Рузвельт был мастером примирения. Будучи губернатором, он взял представителей рабочего класса, этнических избирателей Нью-Йорка, возглавляемых саше Таммани Холл, и объединил их в выигрышную комбинацию с консервативными, антигородскими аграрными избирателями северной части штата Нью-Йорк, для которых все, что было связано с машиной Таммани, исторически было анафемой. На протяжении десятилетия 1920-х годов он применял те же методы в национальном масштабе. В годы своего выздоровления от полиомиелита он часто бывал в центре гидротерапии в Уорм-Спрингс, штат Джорджия, используя его как своего рода посольство, из которого он осуществлял дипломатическую миссию по примирению с южным крылом своей партии.

Рузвельт считал, что даже объединенная Демократическая партия, вероятно, не сможет выиграть президентские выборы, пока длится процветание республиканцев. Он говорил соратникам-демократам, что для достижения успеха их партии необходимо подождать, «пока республиканцы не введут нас в серьёзный период депрессии и безработицы», – показательное свидетельство его понимания взаимосвязи между экономическим кризисом и политическими возможностями.[166]166
  Frank Freidel, Franklin Roosevelt: The Ordeal (Boston: Little, Brown, 1954), 183.


[Закрыть]
На протяжении большей части 1920-х годов он не предполагал, что такая возможность откроется в ближайшем будущем. Он планировал восстановить своё разбитое тело, затем баллотироваться на пост губернатора Нью-Йорка в 1932 году и, возможно, на пост президента в 1936 году. Но в 1928 году Эл Смит убедил его выставить свою кандидатуру на пост губернатора Нью-Йорка, и он одержал внушительную победу, даже когда Смит потерпел унизительное поражение. Эта единственная победа в год правления республиканцев, а также огромное большинство голосов на перевыборах в 1930 году сделали Рузвельта лидером в борьбе за демократическую номинацию в 1932 году. Депрессия, наступившая быстрее и масштабнее, чем предполагал Рузвельт или кто-либо другой, теперь делала эту номинацию желанным призом.

ЭЛ СМИТ, ещё не оправившийся от поражения в 1928 году и чувствующий, что это, несомненно, год демократов, добивался выдвижения во второй раз. Джон Нэнс Гарнер также пользовался значительной поддержкой. Но именно Рузвельт получил главный приз в четвертом туре голосования на национальном съезде демократов в Чикаго вечером 1 июля 1932 года. Сельский, южный элемент партии утешился тем, что Гарнер был выбран его помощником на пост вице-президента.
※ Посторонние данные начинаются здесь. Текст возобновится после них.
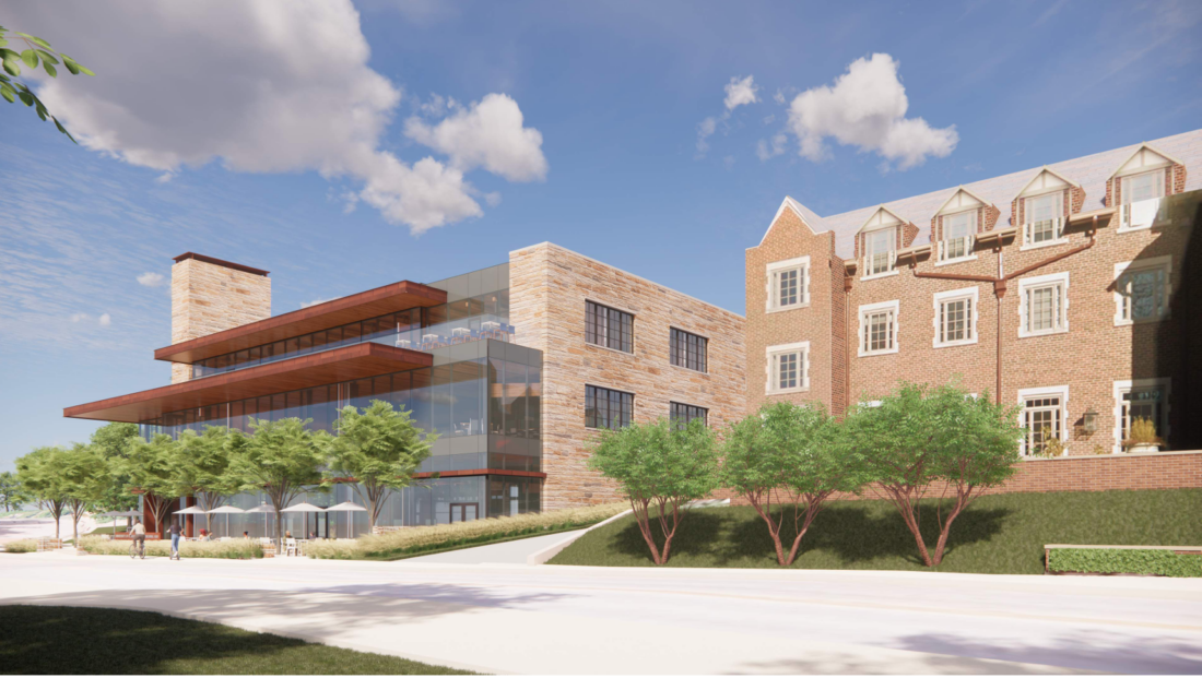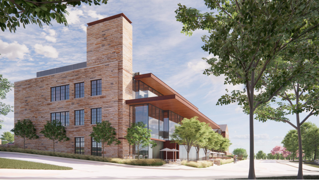A rendering shows a view of the north side of KU’s proposed entrepreneur hub near the end of Naismith Drive on University of Kansas main campus.
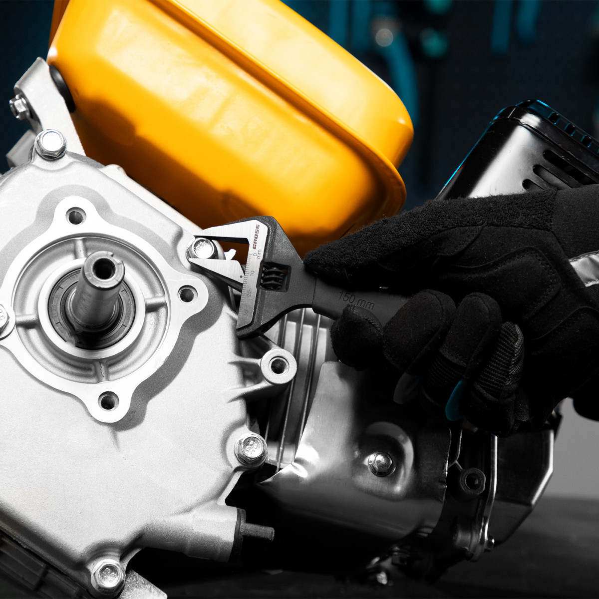 Разводной ключ Gross 15567 из стали CrV, длиной 150 мм, с тонкими губками и защитными насадками, обеспечивает ширину раскрытия губок на 30% больше, чем у стандартных моделей. Инструмент подходит для монтажа и демонтажа крепежных элементов диаметром до 35 мм. Применяется для сантехнических работ, ремонта автомобилей, решения бытовых задач. Тонкие губки легко проникают в труднодоступные места, а также удобны для захвата мелких деталей.

В качестве беспрецедентного жеста Рузвельт прилетел в Чикаго, чтобы лично принять номинацию. «Пусть будет символично, что тем самым я нарушил традиции», – заявил он ликующим делегатам. «Пусть отныне задачей нашей партии будет разрушение глупых традиций». Далее последовала привычная литания предполагаемых проступков республиканцев и воззвания к героям демократического прошлого. В речи прозвучали несколько непоследовательные предложения по сокращению государственных расходов и помощи безработным, по регулированию рынков ценных бумаг и сельскохозяйственного производства, по отмене запрета, снижению тарифов и проектам по восстановлению лесов. А затем простая фраза, которая дала название целой эпохе: «Я обещаю вам, я обещаю себе новую сделку для американского народа».[167]167
  Смотрите отчеты о выдвижении и принятии речи в Schlesinger 1, chaps. 27 and 28; Davis 2, esp. chap. 10; and James MacGregor Burns, Roosevelt: The Lion and the Fox (New York: Harcourt, Brace, 1956), chaps. 7 and 8.


[Закрыть]

Консервативные демократы были в ярости. Некоторые делегаты, в частности те, что были привержены старому наставнику и покровителю Рузвельта, Элу Смиту, настойчиво отказывались предоставить Рузвельту обычную честь единогласного выдвижения. Смит, по словам Г. Л. Менкена, теперь питал «лютую ненависть к Рузвельту, кукушке, захватившей его гнездо». Реакционный председатель партии Джон Дж. Раскоб считал сторонников Рузвельта «толпой радикалов, которых я не считаю демократами». (Это было странно слышать от человека, который до недавнего времени сам был республиканцем). «Если вспомнить, что Демократическую партию возглавляют такие радикалы, как Рузвельт, Хьюи Лонг, [Уильям Рэндольф] Херст, [Уильям Гиббс] МакАду, сенаторы [Бертон] Уилер и [Кларенс] Дилл, – продолжал Раскоб, – в отличие от прекрасных, консервативных талантов в партии, представленных такими людьми, как [Джоуэтт Шаус], губернатор Берд, губернатор Смит, Картер Гласс, Джон У. Дэвис, губернатор Кокс, Пьер С. Дюпон, губернатор Эли и другие, слишком многочисленные, чтобы их упоминать, требуется все мужество и вера, чтобы не потерять надежду окончательно».[168]168
  Arthur M. Schlesinger Jr., History of American Presidential Elections, 1789–1968 (New York: Chelsea House, 1971), 3:2729; Schwarz, Interregnum of Despair, 191–92.


[Закрыть]

Что беспокоило старую гвардию демократов? В чём может заключаться «Новый курс»? Предыдущая политическая карьера Рузвельта давала лишь несколько подсказок. Он долгое время выступал за низкие тарифы и помощь сельскому хозяйству, но все это было привычными элементами политики демократов. Более новаторскими были его выступления в поддержку государственных гидроэлектростанций и страстный, даже романтический интерес к охране природы – позиции, которые привлекли к нему внимание многих западных прогрессистов, включая прогрессивных республиканцев, таких как Джордж Норрис. С 1930 года он стал поддерживать финансируемое государством страхование по безработице и старости, что принесло ему горячую поддержку городских демократов, таких как Роберт Вагнер.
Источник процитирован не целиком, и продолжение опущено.